Goal of the exercise
Print only the lines from the top of the data through the line with "The shot above", both included, skipping every picture.

Information shown

◇ ◇ ◇ ◇

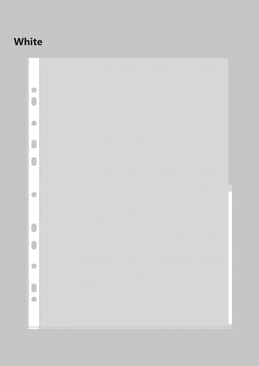 Gennemsigtige lommer i A4-format med multiperforering og farvekode. Med åben top og halvvejs nede i højre side. Fremstillet af miljøvenlig polypropylen. Lommerne er kopisikre og kan rumme op til 25 ark (80gsm).
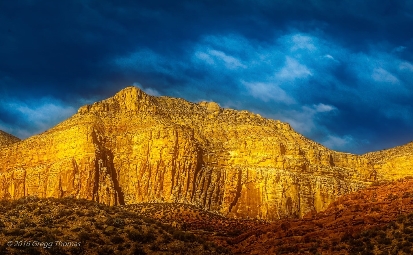 The shot above was taken from down in the wash, again looking back to the west. The white bluff in the background, from my kindergarten level understanding of the complex geology of this area, is a mixture of white limestone and sandstone. I believe the rock in the foreground is redwall limestone, colored the way it is due to the high amount of iron mineral in the rock.
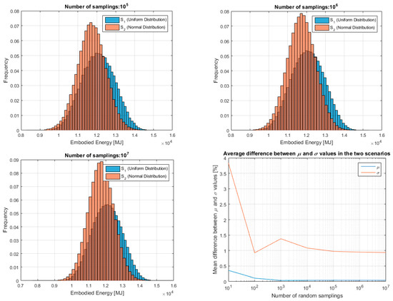 The histograms refer to the LCIA (overall impact) and not to the LCI (individual inputs). All seven sampling cases are shown, from 101 to 107 random samplings. The figures show that for lower numbers of samplings the characteristics of the two distributions are still evident whereas from 104 random samples upwards the results of the two methods converge. The algorithm calculates also the difference between the mean values and standard deviations and normalises them to a percentage. This information is presented in the last (bottom-right) graph of Figure 6. It can be seen how the difference between μ and σ under the two hypotheses is not influential anymore after 103–104 samplings. If for the mean this could be expected as a consequence of the central limit theorem, this finding is noteworthy for the standard deviation.

◇ ◇ ◇ ◇

Written solution
 Gennemsigtige lommer i A4-format med multiperforering og farvekode. Med åben top og halvvejs nede i højre side. Fremstillet af miljøvenlig polypropylen. Lommerne er kopisikre og kan rumme op til 25 ark (80gsm).
 The shot above was taken from down in the wash, again looking back to the west. The white bluff in the background, from my kindergarten level understanding of the complex geology of this area, is a mixture of white limestone and sandstone. I believe the rock in the foreground is redwall limestone, colored the way it is due to the high amount of iron mineral in the rock.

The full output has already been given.